Still My Alice



I miss you.

Goddammit,
I really do.



There are no words that could express how much I long to be inside you arms again.



Or just to be with you again.

To talk to you,
Laugh with you,
Sing with you,
Cook with you,
Sleep beside you.



You were so full of life.

So beautiful and so alive.
So happy with everything that's happening
Even though the Shit that is Cancer is eating your life away,
You still managed to smile, and happily live the remainder of your life.


I admire your strength so much.



You were like the candle.

Bright, warm and peaceful and you were never afraid to burn out in the end.
You were so selfless that you forgot to take care of yourself.

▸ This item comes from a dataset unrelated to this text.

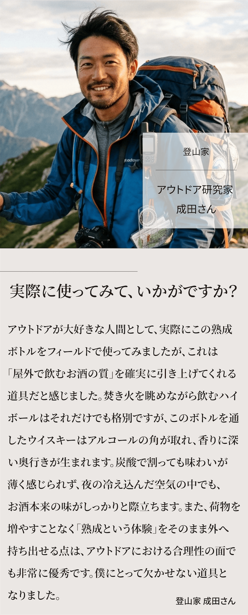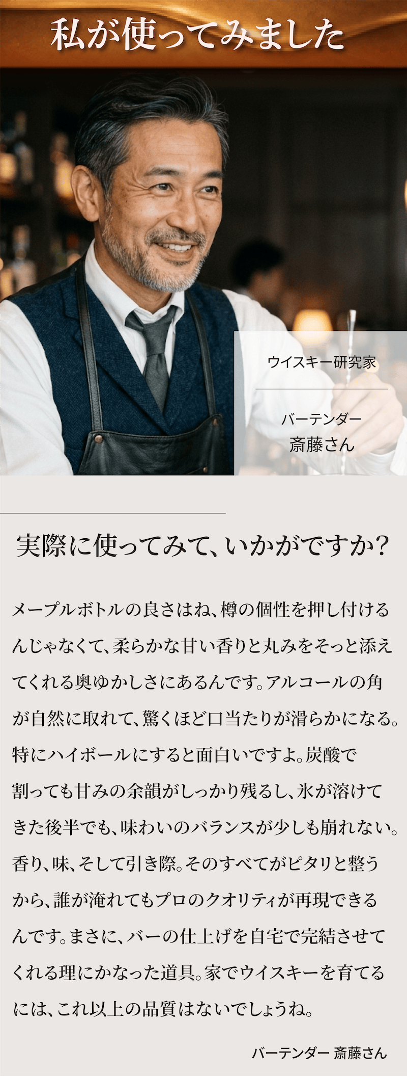 A:安いいつものウイスキーでもワンランク上の味わいになります。バーで熟成酒を飲むより圧倒的にコスパ良く楽しめます。

And I remember telling myself when I was thirteen that,

I wanted to be Just.Like.You.


I remember everything like they were all just yesterday.
The way you'd hurry fixing my hair in the morning every time we'd hear the school's flag ceremony. The long roads to the hospital for your chemotherapy. Oh, and the useless things we buy along the way too. Like the pens with duck feathers or the perfume bottles that looked fancy but smelled weird. I'd like to believe that I got my quirkiness from you even though I've only witnessed some of it.

I long for the day that I would get to see you again.
I wanted to and believe me when I say that the thought of being where you are,



Has crossed my mind more that a hundred times.
I wanted to leave this empty, wretched place and be with you again.



But I can't.



I know you won't ever forgive me for that.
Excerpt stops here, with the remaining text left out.